Before returning the data, strip out the pictures and keep everything else exactly the same.

Data provided START

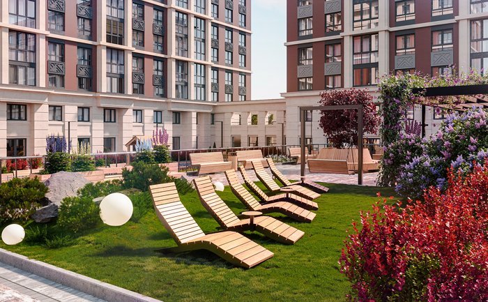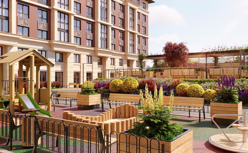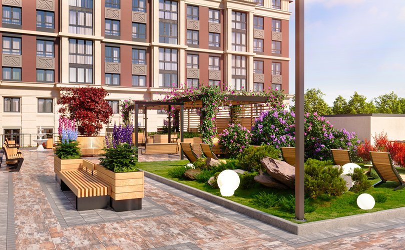 На территории предусмотрены благоустроенные дворы с детскими и спортивными площадками, зелеными зонами, уютными зонами отдыха и патио с фонтаном. Комплекс оснащен подземным отапливаемым паркингом с доступом на лифте из каждой секции.
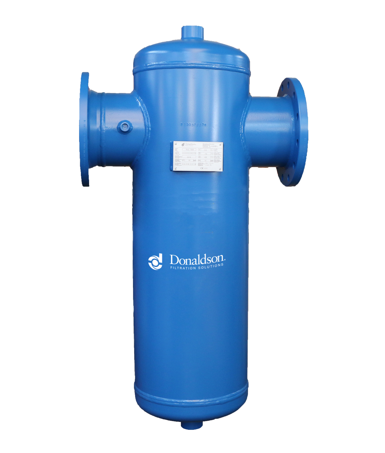 Sfruttando la tecnologia di separazione centrifuga, i separatori industriali Donaldson rimuovono acqua, aerosol di olio e solidi dai flussi di aria compressa con cali di pressione minimi. Il loro design robusto e resistente alla corrosione supporta portate da 119 a 11.000 m³/h (da 70 a 6.470 scfm).
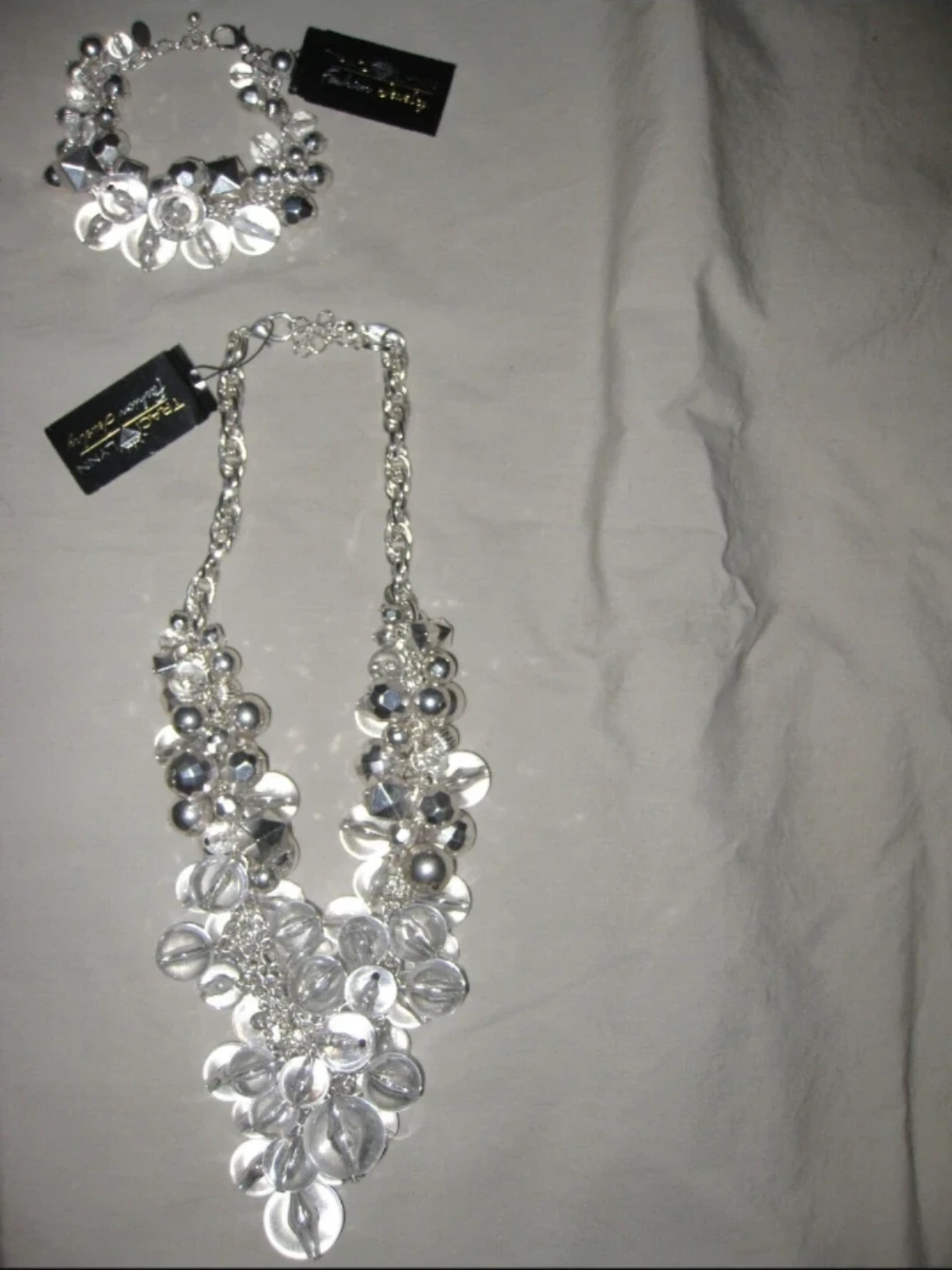 2 piece set. Brand new women's necklace with black tag and matching bracelet. Jewelry has a large grapes design along with silver balls and cubes. Clear with silver charms. Firmly priced. See ALL pics.

Data provided END

● **Answer below**:
 На территории предусмотрены благоустроенные дворы с детскими и спортивными площадками, зелеными зонами, уютными зонами отдыха и патио с фонтаном. Комплекс оснащен подземным отапливаемым паркингом с доступом на лифте из каждой секции.
 Sfruttando la tecnologia di separazione centrifuga, i separatori industriali Donaldson rimuovono acqua, aerosol di olio e solidi dai flussi di aria compressa con cali di pressione minimi. Il loro design robusto e resistente alla corrosione supporta portate da 119 a 11.000 m³/h (da 70 a 6.470 scfm).
 2 piece set. Brand new women's necklace with black tag and matching bracelet. Jewelry has a large grapes design along with silver balls and cubes. Clear with silver charms. Firmly priced. See ALL pics.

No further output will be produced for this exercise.